Armenia and Azerbaijan exchanged fire on July 28, resulting in the deadliest clash since a Russia-brokered ceasefire ended the 44-day war between Armenia and Azerbaijan in November 2020. The two countries blamed each other for starting the shoot-out and violating the November ceasefire agreement.
According to Azerbaijan's Ministry of Defense, at least two Azerbaijanian servicemen were wounded. While the Armenian Defense Ministry said three Armenian servicemen were killed and four wounded. The most recent clashes come just days after the two countries traded fire near the Armenian village of Yeraskh and the Azerbaijani village of Heydarabad.
Leyla Abdullayeva, spokesperson for the Ministry of Foreign Affairs in Azerbaijan said in a tweet that Armenia bore the responsibility for recent clashes:
According to @wwwmodgovaz positions of the Azerbaijani Army were again subjected to fire on Kalbajar section of the #Armenia-#Azerbaijan state border. 2 servicemen wounded.

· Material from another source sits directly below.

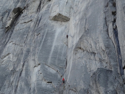 From the tents I can see the sun but I wear a long-sleeve t-shirt, a fleece and a windcheater; I wait for them till they finish the second length. As they come back on the ground we return to our little corner of paradise, we are still in five people and we are going to eat for the last time all together, as a matter of fact Maxim and Ivan have prepared their portaledge and they will spent the day after on the wall.

Armenia bears full responsibility for the escalation of tensions along the state border of two states!
— Leyla Abdullayeva (@LAbdullayevaMFA) July 28, 2021
Meanwhile, Armenia's Ministry of Defense said, “All responsibility for the aggravation of the situation lies with the military-political leadership of Azerbaijan.” While the country's Ministry of Foreign Affairs said in a statement that “the Azerbaijani side has been deliberately initiating escalation.”
Later that day, both sides agreed to deescalate tensions in a move proposed by Russia.
Earlier in July, both the EU and the US urged the two sides to reduce tensions.
Deeply worrying developments continue on – state border. Reiterate our call for restraint and separation of forces & constructive engagement on border issues before new casualties are registered. stands ready to assist the sides.
— Toivo Klaar (@ToivoKlaar) July 20, 2021
Միացյալ Նահանգները մտահոգված է Հայաստանի և Ադրբեջանի սահմանի երկայնքով գրանցվող միջադեպերով, հատկապես՝…
Posted by U.S. Embassy Yerevan on Tuesday, July 20, 2021
Last year's war claimed at least 6,900 lives. The ceasefire signed in November saw Azerbaijan regain control over all seven adjacent districts and parts of Nagorno-Karabakh previously controlled by ethnic Armenians.